Flux Agent: Visually Controlling my Mac with AI

In my previous post, I mentioned that connecting Facebook to my cross-posting app Flux would be an adventure for another day. Well, that day came much sooner than I expected.

Here is the new Flux Agent:

The Facebook Problem

The core issue remained: Facebook offers no API for posting to personal pages. Furthermore, they really did not like the previous version I attempted using Playwright and Chrome.

I realized I needed a different approach. Instead of trying to bypass their systems via code, I needed to mimic an actual human user. If the system interacts with the UI visually—just like a person—the website cannot easily distinguish it from a machine. This also solves the fragility issue; if the underlying code changes but the visual remains recognizable, the agent adapts.

It started as a single use-case fix. However, it turned into a solid core system that I can now use to control anything on a computer or perform complex workflows just by changing the core prompts.

How It Works

The application runs quietly in the taskbar, polling a remote MariaDB at configurable intervals.
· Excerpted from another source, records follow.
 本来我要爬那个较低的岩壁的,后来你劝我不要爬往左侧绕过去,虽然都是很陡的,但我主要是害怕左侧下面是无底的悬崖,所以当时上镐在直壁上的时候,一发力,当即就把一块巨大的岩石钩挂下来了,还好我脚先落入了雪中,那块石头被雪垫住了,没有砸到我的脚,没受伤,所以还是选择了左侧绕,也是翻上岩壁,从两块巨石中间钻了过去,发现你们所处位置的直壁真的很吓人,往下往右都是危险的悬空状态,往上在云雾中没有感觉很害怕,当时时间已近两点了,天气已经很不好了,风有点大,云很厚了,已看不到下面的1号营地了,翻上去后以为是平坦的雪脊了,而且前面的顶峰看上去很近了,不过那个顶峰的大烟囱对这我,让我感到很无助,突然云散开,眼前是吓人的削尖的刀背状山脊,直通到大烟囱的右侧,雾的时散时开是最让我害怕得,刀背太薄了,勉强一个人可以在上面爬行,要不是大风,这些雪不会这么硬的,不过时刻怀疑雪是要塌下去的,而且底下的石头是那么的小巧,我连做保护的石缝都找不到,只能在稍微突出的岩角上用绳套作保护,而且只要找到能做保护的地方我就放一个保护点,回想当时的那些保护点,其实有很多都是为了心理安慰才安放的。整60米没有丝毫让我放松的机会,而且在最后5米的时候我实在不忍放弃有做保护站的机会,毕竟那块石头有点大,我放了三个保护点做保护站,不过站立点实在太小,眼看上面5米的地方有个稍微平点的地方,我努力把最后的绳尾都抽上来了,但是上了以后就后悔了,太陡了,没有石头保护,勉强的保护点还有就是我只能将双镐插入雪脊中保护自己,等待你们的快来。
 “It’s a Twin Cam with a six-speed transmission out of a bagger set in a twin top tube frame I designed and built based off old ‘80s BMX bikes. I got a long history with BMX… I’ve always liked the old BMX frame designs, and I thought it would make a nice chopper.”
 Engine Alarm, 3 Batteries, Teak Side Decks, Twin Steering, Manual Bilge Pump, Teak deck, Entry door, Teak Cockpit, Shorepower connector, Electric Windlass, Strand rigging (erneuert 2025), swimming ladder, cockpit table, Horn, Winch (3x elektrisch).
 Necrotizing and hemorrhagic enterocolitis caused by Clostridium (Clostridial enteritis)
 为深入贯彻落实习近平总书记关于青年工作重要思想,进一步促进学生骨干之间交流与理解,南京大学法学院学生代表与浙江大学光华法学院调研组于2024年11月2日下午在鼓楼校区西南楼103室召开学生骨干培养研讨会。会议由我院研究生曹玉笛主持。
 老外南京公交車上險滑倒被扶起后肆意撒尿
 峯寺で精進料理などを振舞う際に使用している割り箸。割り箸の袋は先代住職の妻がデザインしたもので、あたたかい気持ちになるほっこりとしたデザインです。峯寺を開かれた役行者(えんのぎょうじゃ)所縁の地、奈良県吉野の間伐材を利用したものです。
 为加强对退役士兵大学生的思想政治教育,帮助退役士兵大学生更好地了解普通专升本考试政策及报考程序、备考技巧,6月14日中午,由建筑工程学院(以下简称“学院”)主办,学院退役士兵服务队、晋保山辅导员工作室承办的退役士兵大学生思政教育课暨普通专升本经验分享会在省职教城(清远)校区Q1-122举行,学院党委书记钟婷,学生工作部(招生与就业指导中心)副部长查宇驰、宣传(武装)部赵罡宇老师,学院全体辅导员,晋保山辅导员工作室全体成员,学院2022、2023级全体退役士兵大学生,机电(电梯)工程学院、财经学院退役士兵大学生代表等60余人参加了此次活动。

Once it detects a new entry, the workflow triggers:

  1. Download: It fetches the post content, images, videos, and alt text.
  2. Navigation: It opens Safari and navigates to the specific URL.
  3. Composition: It opens the composer, types the text, and attaches any media.
  4. Verification: If links are present, it waits for the preview to generate.
  5. Execution: It hits post and closes Safari.

Behind the Scenes

The architecture is built from scratch, without relying on existing CUA (Computer Use Agent) frameworks.

The logic is driven by prompts. The app can function on a single prompt that describes the desired outcome (letting the AI figure out the flow), or it can execute a chain of specific prompt steps in order.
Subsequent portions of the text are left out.